In July 2019, torrential rains affected the lives of 2.3 million people across 20 districts in Bangladesh. Photo: WFP/Akash

Home to more than 700 rivers, Bangladesh is increasingly seeing the impact of climate change. In July 2019, torrential rains swept away homes and livelihoods across 20 of Bangladesh’s 64 districts, affecting the lives of 2.3 million people.

How WFP responded: For 4,500 families, the devastating impact of the flooding was mitigated by anticipatory action taken by WFP and the Government of Bangladesh. When a climate hazard is forecast to exceed a specified level of impact, this triggers pre-emptive actions, including cash transfers to vulnerable members of the community, which help reduce the scale and cost of disaster response.

“Even in our sadness, we are happy. The money [from WFP] has helped me a lot,” said villager Saleha Begum. “I bought rice, lentils and some dry foods to eat during the flood,” added Sajeda Khatun. “We have also rented a boat to store some of our assets. I cooked food for my family members by making a portable oven on there.”

Through an innovative risk-management approach known as Forecast-based Financing, families received a transfer of US$53. They could use this to protect homes, buy food and other items to face the floods, and evacuate where necessary. WFP has also provided food assistance to 250,000 people in three districts in the north of the country.

Goats in drought-stricken Ethiopia. The deaths of livestock have caused a breakdown in pastoral livelihoods, contributing to soaring levels of hunger and alarming increases in malnutrition rates, especially among the most vulnerable children. Photo: WFP/Peter Smerdon

Prolonged drought has had severe negative effects on pastoralist families in Somali Region, Ethiopia. Widespread deaths of livestock and increased food insecurity exacerbate the vulnerability of an already poor population, leading to an estimated 1.8 million people being in need of life-saving food assistance.

How WFP is responding: To mitigate the effects of drought, WFP implemented an innovative insurance programme. The Satellite Index Insurance for pastoralists in Ethiopia aims to keep core breeding animals alive during major droughts, using cutting-edge satellite technology to gauge the availability of forage. When availability is too low pastoralists get an insurance payout from WFP to help offset potential losses of livestock and feed.

When it was launched in 2018, 5,000 pastoralists registered for the insurance scheme in Somali Region; that number went up to 7,800 for the 2019 season, and we anticipate even higher numbers in 2020.

Drone footage of Treasure Cay, one of the hardest hit areas by Hurricane Dorian.
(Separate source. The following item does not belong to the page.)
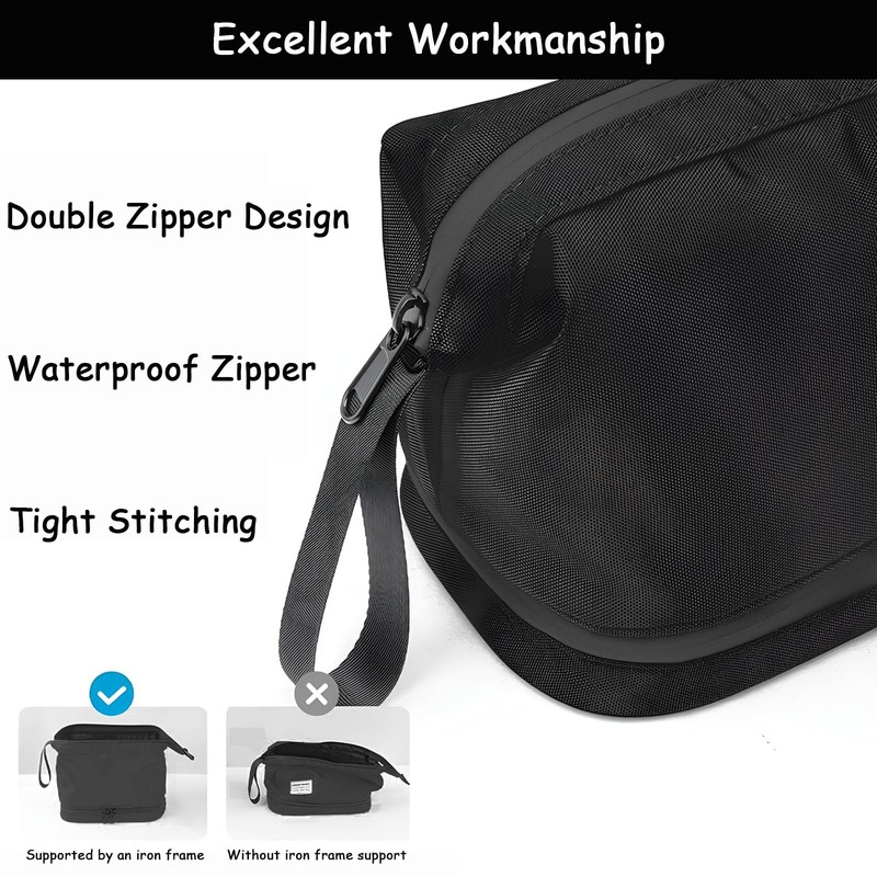 - Stable shape: thanks to the metal bracket on the opening, the wash bag is very stable and comfortable. Even if the luggage is pushed around by the airlines, the wash bag can withstand the elements. The wide opening makes it easy to access the items

Photo: WFP/Erin Carey

In 2018, after hurricanes Irma and Maria wreaked havoc in the Caribbean, WFP set up an office in Barbados to support preparedness efforts by national authorities and the Caribbean Disaster Emergency Management Agency, also based in Barbados. This proved pivotal in preparing for and responding to Dorian.

How WFP responded: When Hurricane Dorian made landfall in the Bahamas in September 2019, it did not catch WFP and local authorities unprepared. In advance of Dorian’s arrival, WFP was able to rapidly deploy technical experts in food security, logistics and emergency telecommunication to support a rapid needs assessment. WFP subsequently airlifted storage units, generators and prefab offices for two logistics hubs being established on the main islands. It also provided satellite equipment to ensure connectivity for emergency responders, as well as ready-to-use fortified emergency food.
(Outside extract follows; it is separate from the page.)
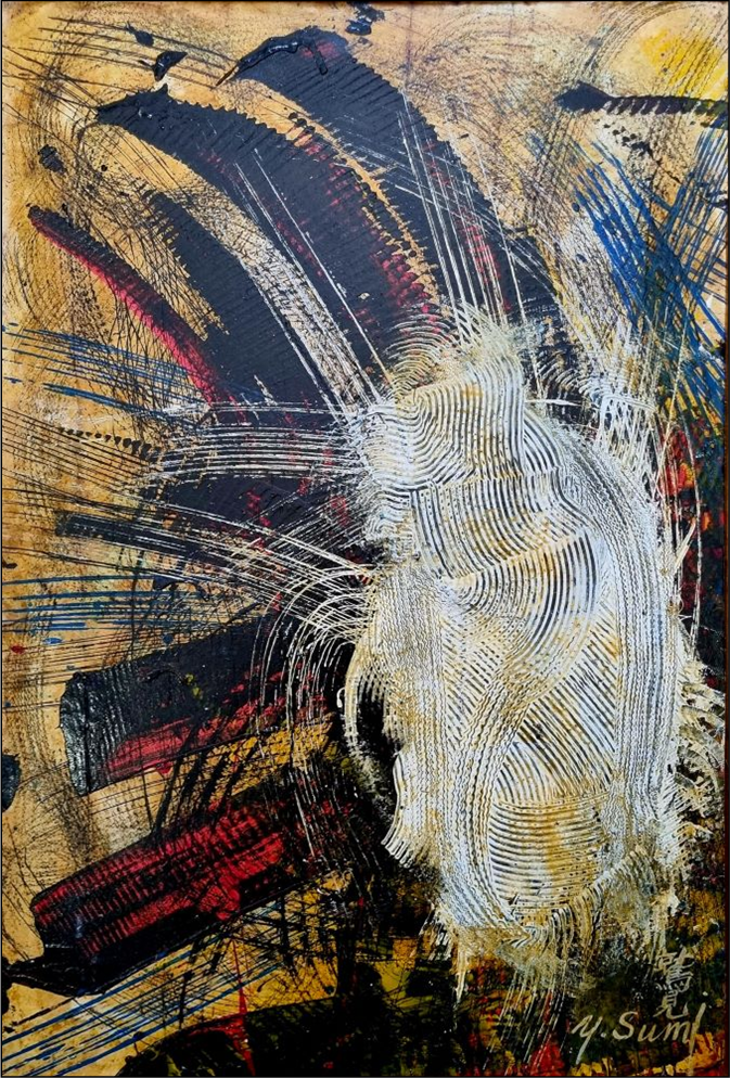 SUMI YASUO Giappone 1925 - 2015 "Sakuhin" Inchiostro, smalto e vernice su carta, applicata su pannello di legno, cm 56,2x84 del 1978. Firmato sul fronte in basso a destra. Sul retro firma, titolo e ideogrammi. Certificato di autenticità su foto a cura dell'archivio generale dell'Artista.

WFP’s permanent presence in the Caribbean through its Barbados office helps prepare for and respond to climate-driven disasters in the region.
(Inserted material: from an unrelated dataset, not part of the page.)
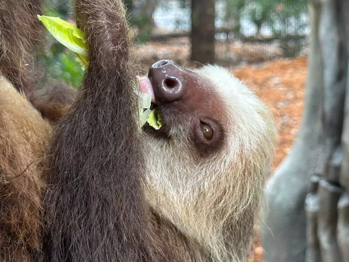 A Hoffman's two-toed sloth is seen eating inside its new habitat at the Palm Beach Zoo Conservation Society on Thursday, Sept. 18, 2025 in West Palm Beach, Fla. (AP Photo/Cody Jackson)

“We can’t prevent hurricanes, but with a permanent presence in the area we can work to minimize their impact on the affected populations,” said Regis Chapman, Head of WFP’s office in Barbados.

Beyond the traditional provision of assistance to affected communities, WFP is working to restore natural resources and infrastructure to reduce the impacts of climate-related hazards, protect vulnerable populations with climate risk insurance products that ensure farmers will get payouts for the expected crop losses due to the lack of rainfall, and anticipate events through risk analysis, early warning and preemptive action once a hazard is forecast.